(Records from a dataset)
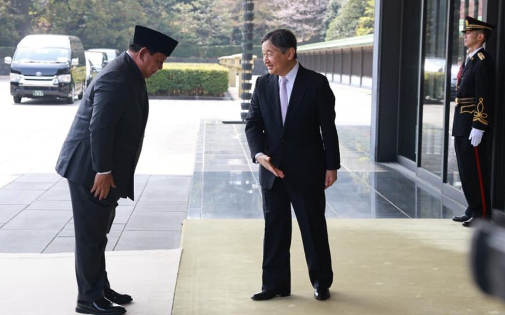 Kaisar Jepang Naruhito (kanan) menyambut kedatangan Presiden Prabowo Subianto di Istana Kekaisaran Jepang. BPMI Setpres/Laily Rachev
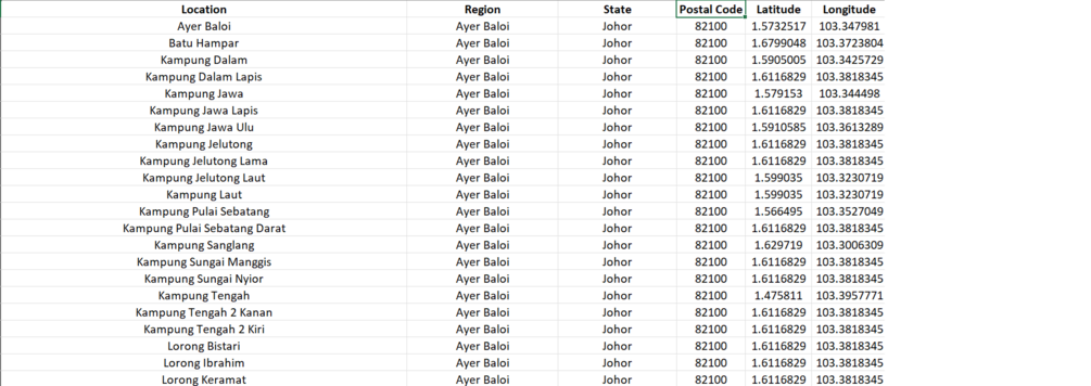 Postal Codes SG
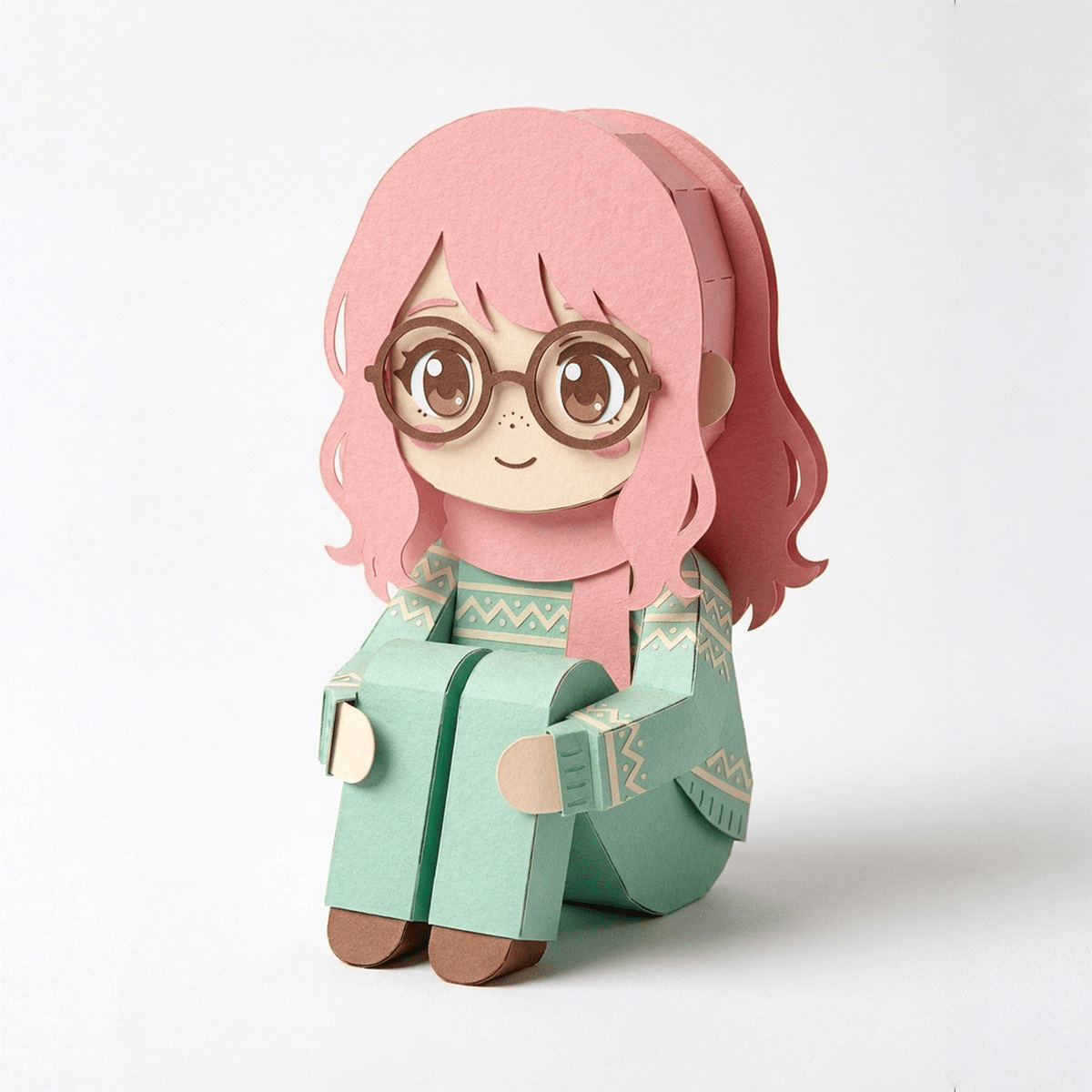 组装好的三维纸模。Q 版角色,高 2-3 个头身。发型、发色、服装和配饰均根据输入图像再现。纸张纹理、折痕、圆角和手工制作的温暖感。构图和光线适合产品推广摄影。
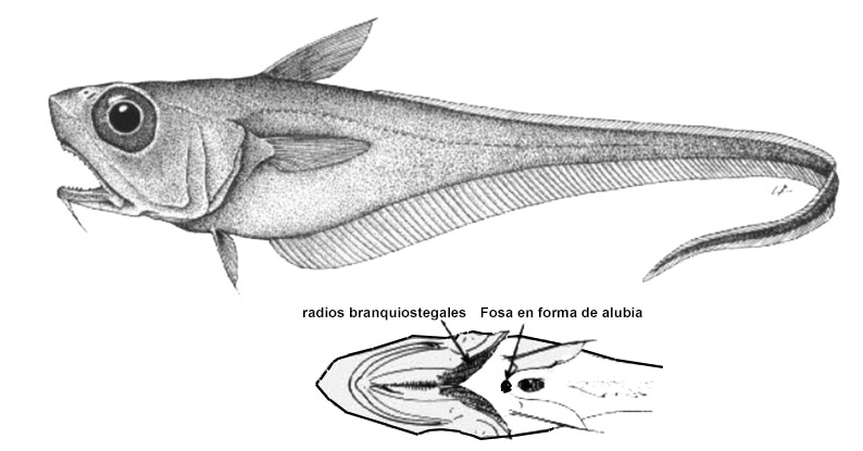 | Cabeza grande; blanda; alrededor del 20% de la longitud del cuerpo y uniformemente escamada, incluyendo las mandíbulas y las caras ventrales del hocico y suborbitario. Hocico romo, su punta con un tubérculo cónico. La boca es grande y subterminal, con una barbilla larga El tronco es corto, el cuerpo se estrecha abruptamente desde detrás de la primera aleta dorsal hasta formar una cola puntiaguda. La aleta caudal está ausente. Primera aleta dorsal, con 2 espinas y 12 radios blandos, es alta y truncada, y una segunda aleta dorsal y anal pequeña y continua .Aleta pectoral 1 espina y 13-18 radios ; aleta pélvica, 9-10 radios Color marrón grisáceo con la boca blanca. |
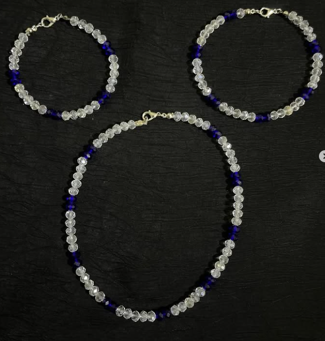 A crisp, refreshing contrast. The clarity of the transparent beads amplifies the deep royal blue accents, creating a look that is as cool as it is sophisticated.
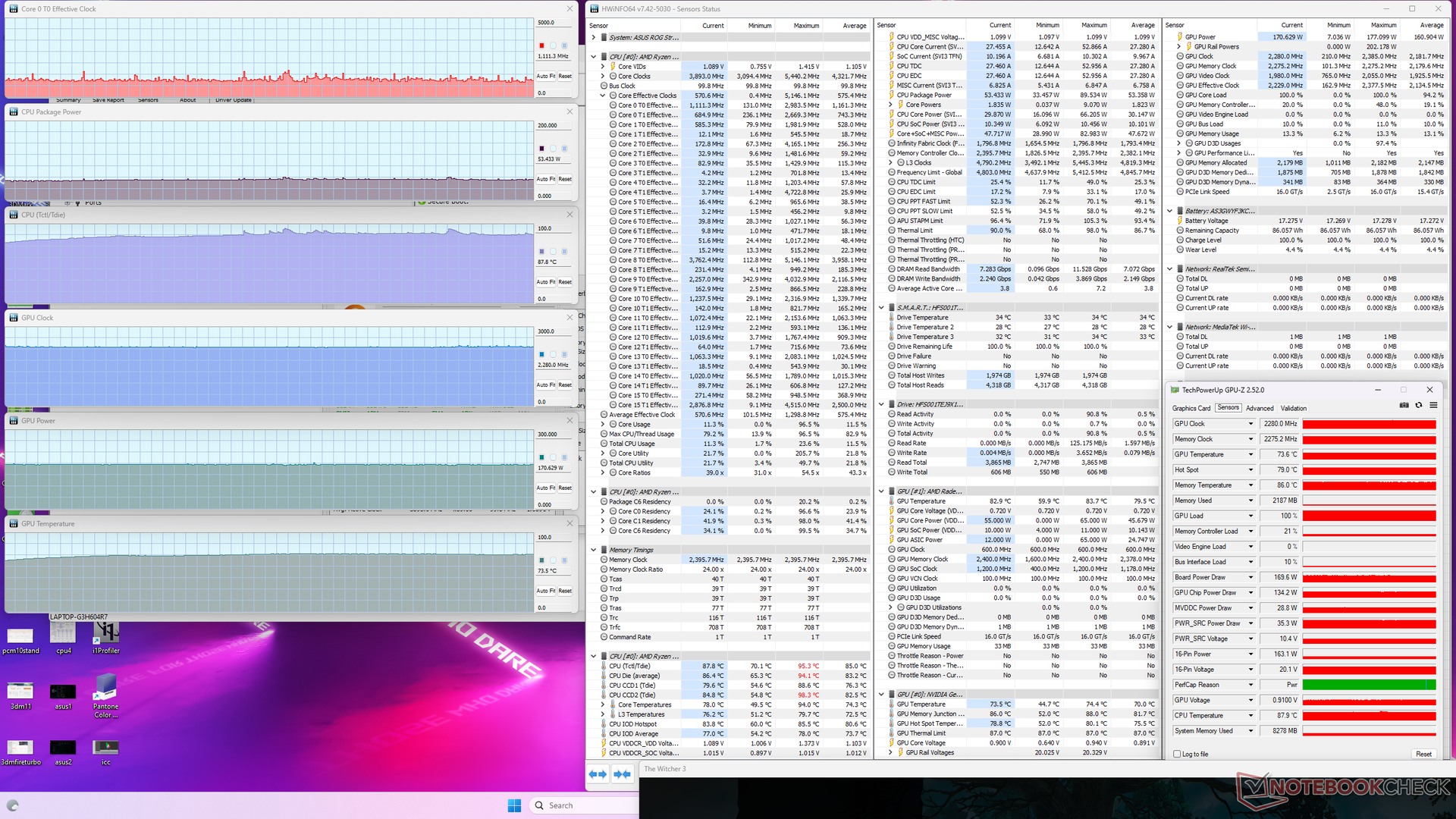 | 88.3 % v7 (old) | 04 / 2023 | Asus ROG Strix Scar 17 G733PY-XS96 R9 7945HX, GeForce RTX 4090 Laptop GPU | 2.9 kg | 28.3 mm | 17.30" | 2560x1440 | |

• Action item: Could you repeat exactly the lines from the one containing "Postal Codes SG" through the last line of the records, both included, without the pictures?

• Output below:
 Postal Codes SG
 组装好的三维纸模。Q 版角色,高 2-3 个头身。发型、发色、服装和配饰均根据输入图像再现。纸张纹理、折痕、圆角和手工制作的温暖感。构图和光线适合产品推广摄影。
 | Cabeza grande; blanda; alrededor del 20% de la longitud del cuerpo y uniformemente escamada, incluyendo las mandíbulas y las caras ventrales del hocico y suborbitario. Hocico romo, su punta con un tubérculo cónico. La boca es grande y subterminal, con una barbilla larga El tronco es corto, el cuerpo se estrecha abruptamente desde detrás de la primera aleta dorsal hasta formar una cola puntiaguda. La aleta caudal está ausente. Primera aleta dorsal, con 2 espinas y 12 radios blandos, es alta y truncada, y una segunda aleta dorsal y anal pequeña y continua .Aleta pectoral 1 espina y 13-18 radios ; aleta pélvica, 9-10 radios Color marrón grisáceo con la boca blanca. |
 A crisp, refreshing contrast. The clarity of the transparent beads amplifies the deep royal blue accents, creating a look that is as cool as it is sophisticated.
 | 88.3 % v7 (old) | 04 / 2023 | Asus ROG Strix Scar 17 G733PY-XS96 R9 7945HX, GeForce RTX 4090 Laptop GPU | 2.9 kg | 28.3 mm | 17.30" | 2560x1440 | |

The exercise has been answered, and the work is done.